El tifón parecía haber empeorado. Sonaba como si hubiese comenzado el día del juicio, una de esas apariciones dantescas en forma de águila o cruz sobrevolando los cielos. Pero tras las capas de aislamiento de aquellas paredes prefabricadas era fácil encontrarse como en una burbuja de metal. Nada se movía, todo estaba callado y tranquilo. Pese a ello, Elisa no podía conciliar el sueño.
Apartó la sábana y se levantó. Pensó en dar un paseo: podía ir hasta la cocina y prepararse un té. Recordó que Carter había prohibido el uso de todos los aparatos eléctricos. Y no le faltaba razón, porque habían comenzado los relámpagos, destellos silenciosos que revelaban retazos de la habitación. De todas formas, la idea del paseo le agradaba. No le haría falta ninguna luz adicional: le bastaría con las de emergencia. Además, se sentía capaz de recorrer el barracón de una punta a otra con los ojos cerrados.
Entonces se percató de algo.
Estaba mirando hacia la ventana cuando lo vio. Al principio creyó que soñaba.
Era un agujero. En la esquina superior izquierda de la pared, junto a la intersección con el techo y la pared del baño. Era elíptico, y tan grande que hubiese podido colarse por él de haber querido. Los «destellos silenciosos» no provenían de la ventana sino de aquella abertura que daba al exterior.
Se quedó tan aturdida preguntándose cómo podía haber sucedido tal cosa, que no se dio cuenta, al pronto, del otro detalle extraño.
Destellos silenciosos.
Silenciosos.
Estaba rodeada de silencio. Un silencio absoluto. ¿Dónde se había ido la tormenta?
Pero el silencio no era total: detrás de ella sonaba algo.
Esta vez no eran pasos cuyos ecos se filtraran por las paredes, sino los ruidos de una presencia inmediata y concreta. El roce de la suela de unos zapatos, una respiración. Alguien en su cuarto,
dentro
de su cuarto, con ella.
Le pareció como si su piel quisiera abandonarla: sus poros se convirtieron en diminutas limaduras de hierro rodeadas por un electroimán potente y se alzaron desde la nuca a los pies. Pensó que tardaba una eternidad en girar y mirar atrás. Cuando por fin lo hizo, distinguió una figura.
Se hallaba de pie junto a la puerta, algo más alejada de lo que le había hecho pensar el sonido de su respiración, completamente inmóvil. Los resplandores la revelaban parcialmente: zapatillas deportivas, bermudas, una camiseta. Pero la cara era una masa de tinieblas.
Un hombre.
Por un instante creyó que el corazón le reventaría de terror. Entonces lo reconoció, y casi le entraron ganas de reír.

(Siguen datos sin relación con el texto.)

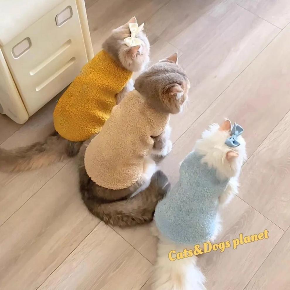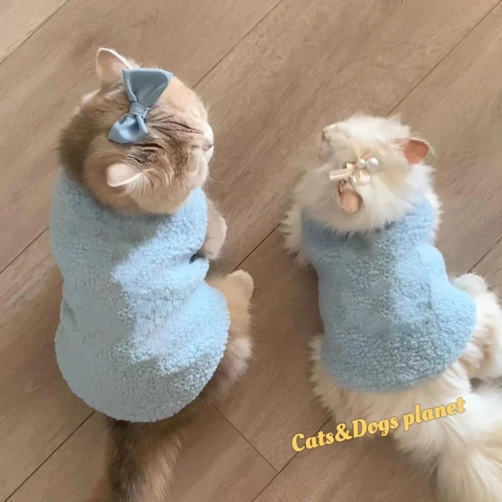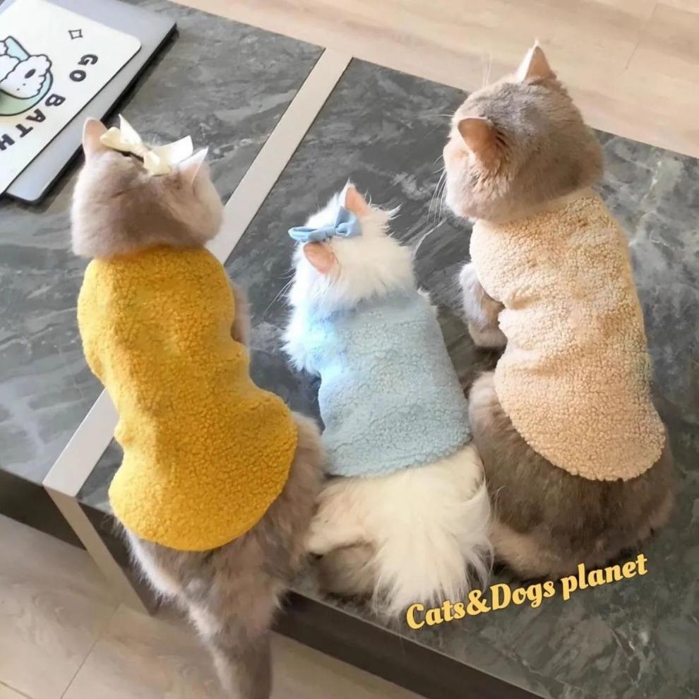 고양이 가을과 겨울 옷 양고기 양털 조끼 안티-모피 새끼 고양이 우유 고양이 애완 동물 따뜻한 두꺼운 피부 친화적인베이스 셔츠스토어 가기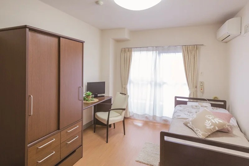 | 居室設備 | 介護用電動ベッド(寝具付)、ナースコール、車いす対応洗面台、暖房便座機能付トイレ、クローゼット、カウンターデスク、カーテン(レース・ドレープ)、エアコン |

—Ric... ¿Qué haces aquí? Menudo susto...
La figura no contestó. En lugar de eso, avanzó hacia ella sin apresurarse, con la levedad con que las nubes ocultan la luna. A ella no le cabía ninguna duda de que se trataba de Valente: la complexión, la vestimenta... Estaba
casi
segura. Pero, si era así, ¿qué pretendía? ¿Por qué no le hablaba?
—¿Ric? —Nunca hubiese sospechado que aquella simple palabra iba a costarle tanto esfuerzo. Sintió dolor en la garganta al pronunciarla—. Ric, eres tú, ¿verdad?
Retrocedió un paso, luego otro. El hombre rodeó la cama y continuó acercándose, inmutable, en completo silencio. Se tomaba su tiempo. Los resplandores iluminaban bien sus bermudas y su camiseta de color oscuro, pero la cara seguía negra como un túnel bajo un techo de cabellos.
No es Ric Hay alguien más en la isla que no sabíamos.
Su espalda y sus nalgas se aplastaron contra la pared metálica y notó el frío en contacto directo con la piel. Fue entonces cuando cayó en la cuenta de que no llevaba ni una sola prenda encima. No recordaba haberse desnudado, lo cual la hizo sospechar que aquello no podía ser real. Estaba soñando, tenía que ser eso.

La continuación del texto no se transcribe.